How hard is it for a center-right news outlet like New Hampshire Journal to cover one of the hottest U.S. Senate races in the country?

This audio will give you a glimpse:

In the audio, you can hear me approaching a Sen. Maggie Hassan press conference at a ward hall in Concord. A staffer attempts to stop me from entering the building. I continue into the room and join other members of the press.

A second staffer approaches me and tells me to leave. I refuse. “I’m a reporter doing my job.”

The staffer replies: “Well, you weren’t supposed to come.”

“Not supposed to come” is an interesting way to look at a reporter attending a press conference.

But he meant it.

Despite more than 100 requests, Hassan’s official Senate office –which works for the taxpayers — refuses to send NHJournal its “public” press announcements; and her Senate campaign — which works for Hassan directly — refuses to as well.

Yes, NHJournal is indeed a center-right media outlet, just like NHPR — which also attended Wednesday’s press conference — is center-left.

It is also true that NHJournal is a member of the New Hampshire Press Association (NHPA), its content has appeared in newspapers across the country, and it was awarded “Best Political Reporting” by the NHPA in 2021 (Shout out to reporter Damien Fisher!)

We also won an award for our coverage of the attempt to stop legal protests near the home of Gov. Chris Sununu, a story that did not make Republicans happy.

State Reps. Connie Lane (D-Concord) and Paul Bergeron (D-Nashua) join Sen. Maggie Hassan at a press conference attacking Republican Don Bolduc as an “election denier.”

When the Hassan campaign sent out a press release, “Senator Hassan to Hold Press Conference on Don Bolduc’s Extreme Record of Denying Election Results,” NHJournal did not receive it. When we obtained a copy and RSVP’d, the Hassan campaign, as usual, did not respond. Fortunately, other members of the New Hampshire media shared the press conference’s location.

And what happened? Once Team Hassan gave up trying to throw me out, the campaign held its press conference, the senator answered about a half-dozen questions — three from yours truly — and everybody went back to work.

In other words, “politics.” In other states and with other candidates, it happens every day.

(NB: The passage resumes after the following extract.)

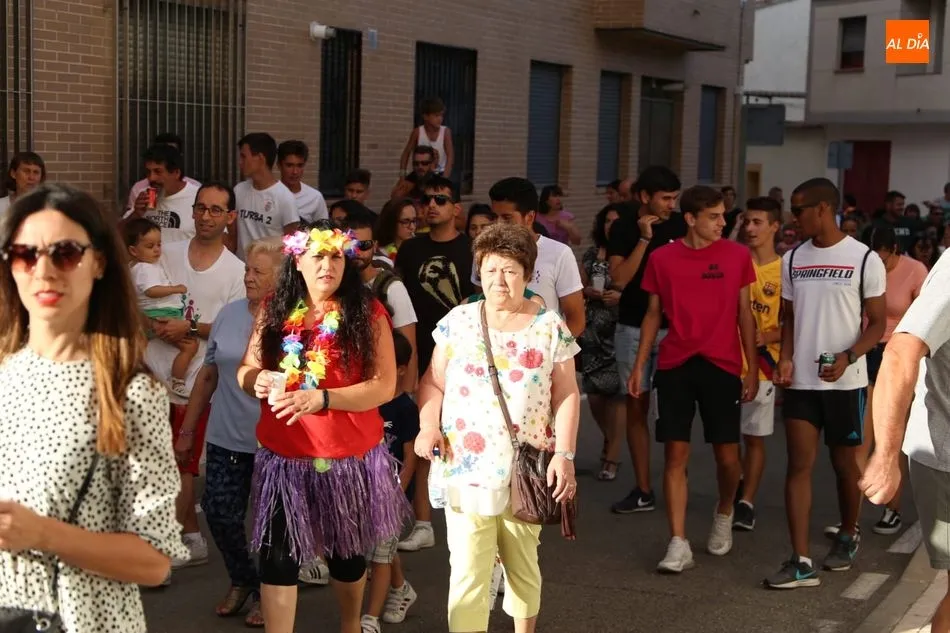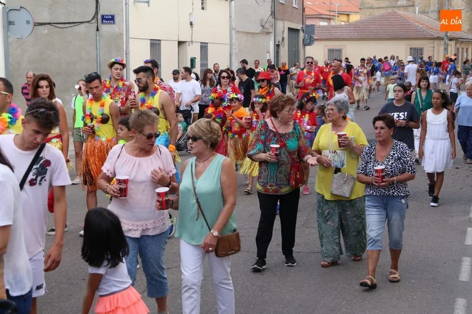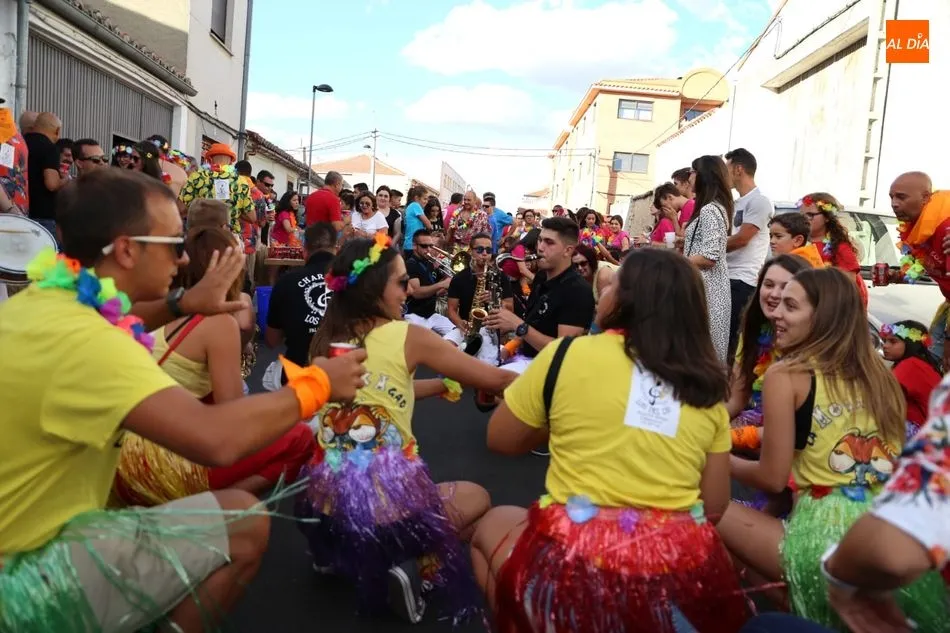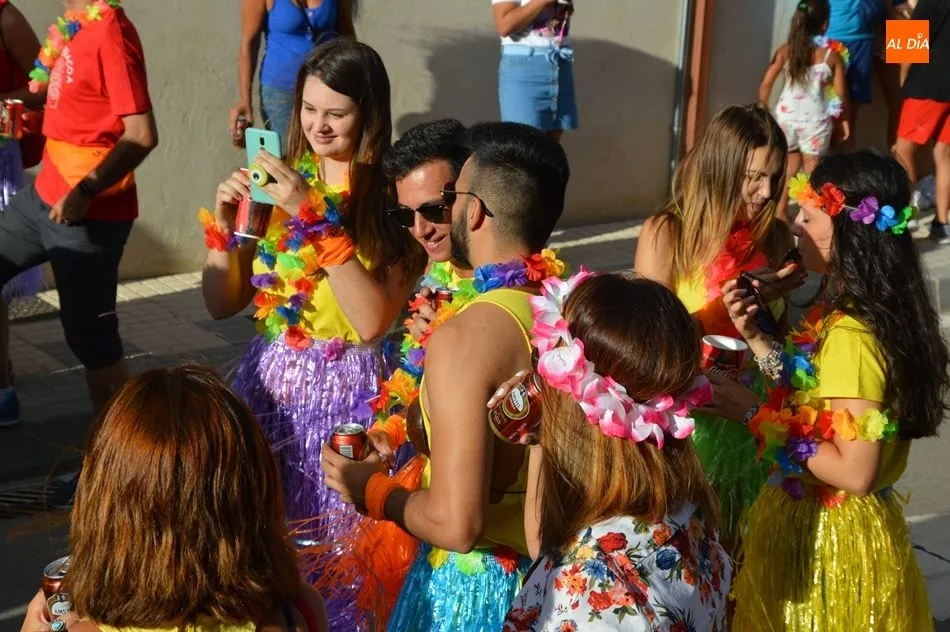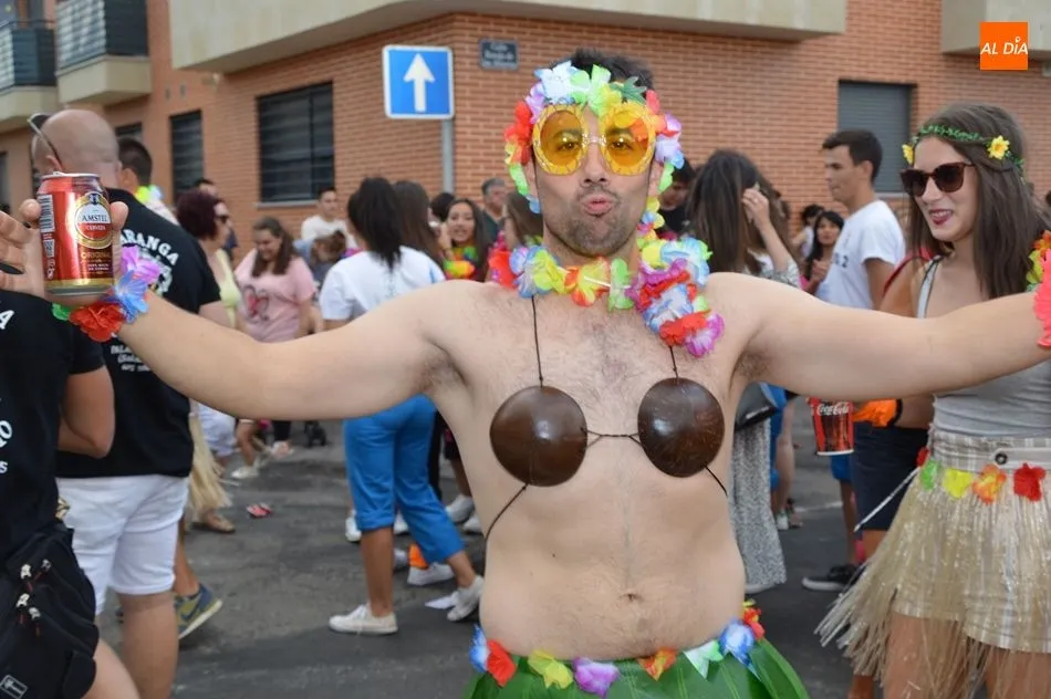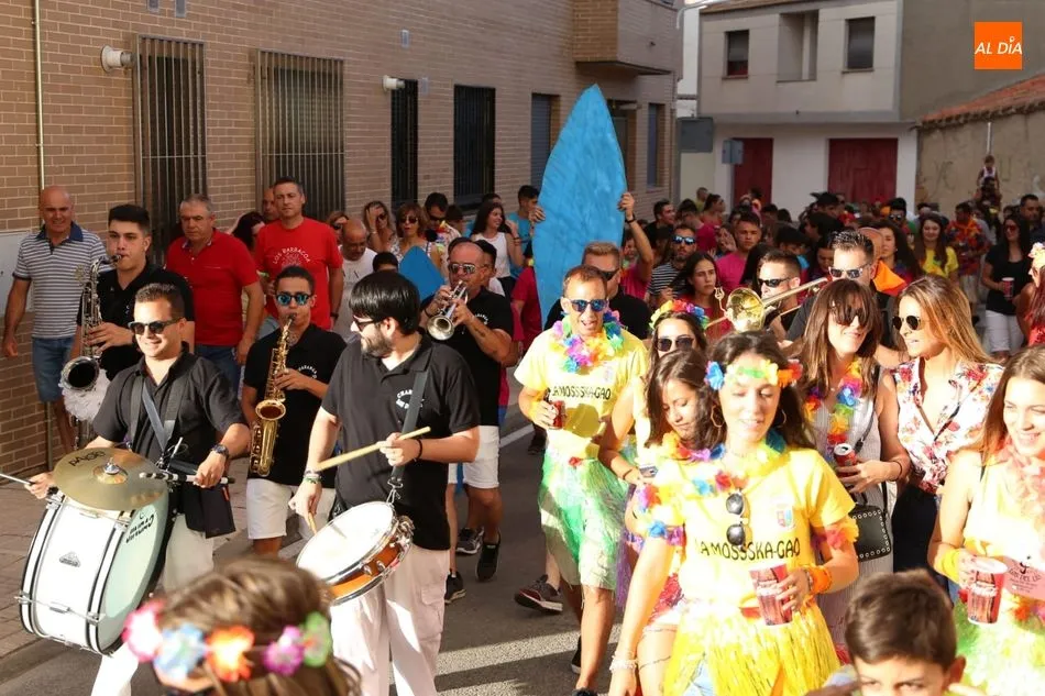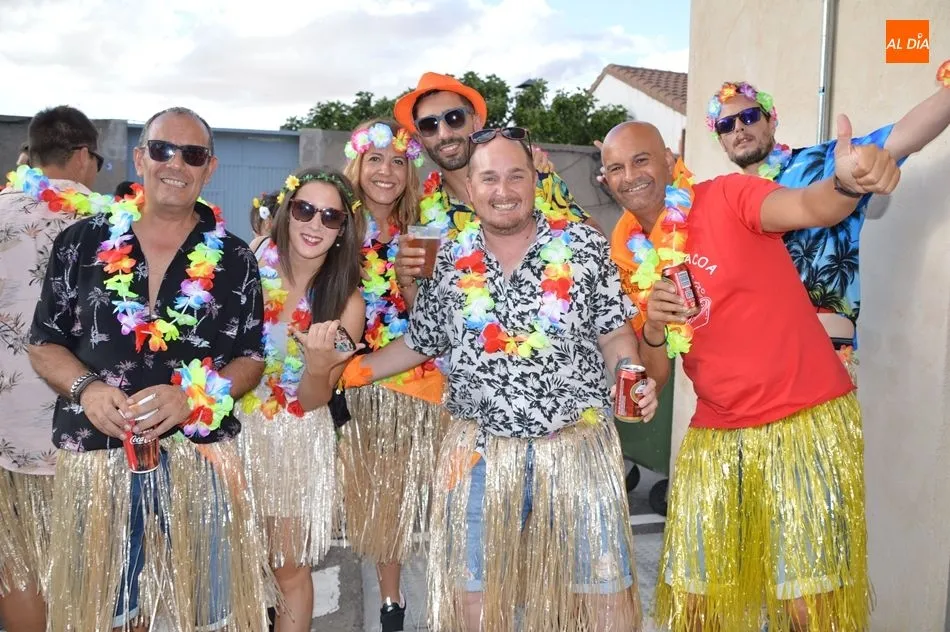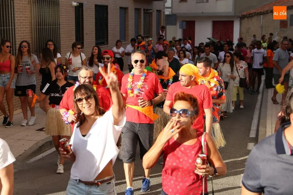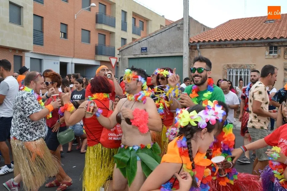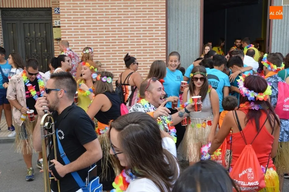 Castellanos de Moriscos disfruta ya sus fiestas patronales en honor al Santísimo Cristo de las Batallas. Desde el Ayuntamiento han partido esta tarde los integrantes de las diferentes peñas para protagonizar un paseo al estilo hawaiano por las calles del municipio. En el recorrido han estado acompañados por la música de la charanga Los del Lío y han realizado varias paradas para reponer fuerzas, finalizando con la degustación de la ?mega empanada? de Castellanos de Moriscos.

Sununu takes questions from all comers. His Democratic opponent, state Sen. Tom Sherman, is participating in multiple debates and appears on local radio talk shows like Drew Cline’s WFEA program. So does Democratic U.S. Rep. Chris Pappas. Cline is president of the free-market Josiah Bartlett Center and hardly a friend of the left. But the interviews are informative, and nobody gets hurt.

According to Cline, Hassan has refused multiple invitations during this campaign season to appear on the show.

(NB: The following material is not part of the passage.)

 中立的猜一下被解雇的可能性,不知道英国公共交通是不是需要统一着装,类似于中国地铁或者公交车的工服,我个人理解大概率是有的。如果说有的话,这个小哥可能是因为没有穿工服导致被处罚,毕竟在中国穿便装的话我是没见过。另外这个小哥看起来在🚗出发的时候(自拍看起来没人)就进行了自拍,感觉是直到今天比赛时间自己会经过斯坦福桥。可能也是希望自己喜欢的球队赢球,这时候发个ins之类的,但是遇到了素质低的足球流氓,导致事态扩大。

Is it partisan bias? Is Hassan’s position that she will only talk to “friendly” press? Is it arrogance? Does she think reporters — and more importantly their readers or listeners — are lucky that she talks to them at all?

Or is it fear? Hassan’s poll numbers have never been great. And despite running against one of the weakest GOP U.S. Senate candidates in the country — and massively outspending him — she has managed to turn what should be a safe seat into a toss-up.

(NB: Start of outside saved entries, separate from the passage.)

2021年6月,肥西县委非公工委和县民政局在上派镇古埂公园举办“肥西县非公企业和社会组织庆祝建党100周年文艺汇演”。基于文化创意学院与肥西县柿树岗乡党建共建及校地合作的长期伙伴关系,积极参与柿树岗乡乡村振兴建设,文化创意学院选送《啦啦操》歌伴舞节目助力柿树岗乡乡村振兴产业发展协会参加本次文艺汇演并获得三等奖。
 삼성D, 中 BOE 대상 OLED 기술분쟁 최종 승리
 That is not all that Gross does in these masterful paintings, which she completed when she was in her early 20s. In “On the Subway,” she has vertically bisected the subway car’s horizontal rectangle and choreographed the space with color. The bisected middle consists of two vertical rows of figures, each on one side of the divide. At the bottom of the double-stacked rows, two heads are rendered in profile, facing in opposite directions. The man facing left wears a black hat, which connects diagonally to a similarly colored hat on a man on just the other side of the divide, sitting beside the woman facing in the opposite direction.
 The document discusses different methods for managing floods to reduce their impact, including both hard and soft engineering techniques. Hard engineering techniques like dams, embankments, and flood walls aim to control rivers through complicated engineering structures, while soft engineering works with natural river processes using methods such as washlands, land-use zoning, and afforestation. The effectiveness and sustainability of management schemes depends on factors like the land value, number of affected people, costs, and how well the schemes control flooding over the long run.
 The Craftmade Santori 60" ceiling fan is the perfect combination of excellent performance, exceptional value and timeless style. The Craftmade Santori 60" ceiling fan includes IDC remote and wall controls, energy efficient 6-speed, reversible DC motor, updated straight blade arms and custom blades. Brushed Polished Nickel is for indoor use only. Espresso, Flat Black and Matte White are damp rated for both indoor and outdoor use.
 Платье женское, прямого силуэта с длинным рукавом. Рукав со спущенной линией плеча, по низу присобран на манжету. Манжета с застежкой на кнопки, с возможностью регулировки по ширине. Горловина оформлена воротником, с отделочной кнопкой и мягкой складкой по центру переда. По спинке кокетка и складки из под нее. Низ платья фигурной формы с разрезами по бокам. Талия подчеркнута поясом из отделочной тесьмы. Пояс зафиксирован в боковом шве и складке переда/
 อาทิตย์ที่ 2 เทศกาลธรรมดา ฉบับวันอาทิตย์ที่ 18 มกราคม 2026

Let’s be clear: If Maggie Hassan loses to Don Bolduc, she will be the Hillary Clinton of New Hampshire. Or worse, the Martha Coakley. The only question she will ever get is, “How did you lose to that guy?”

And one answer will be that she played prevent defense. For example, Hassan has refused to participate in debates hosted by AARP, WGIR radio, the Union Leader, and radio host Jack Heath. But she demanded a debate where Bolduc has to face a reporter from liberal NHPR and a journalist who was, until recently, a “Writing Fellow in Global Feminism” at Bitch Media.

But Hassan hides from NHJournal?

Here is some free and unsolicited advice to Hassan and the folks who tried to throw me out of a press conference: Whatever you’re doing, it ain’t working. Dodging debates, refusing to hold town halls, hiding from the press and, most of all, not talking to the voters –has gotten you into a statistical tie with Don Bolduc.

Maybe it is time to rethink your strategy before New Hampshire decides it is time to fire its senator.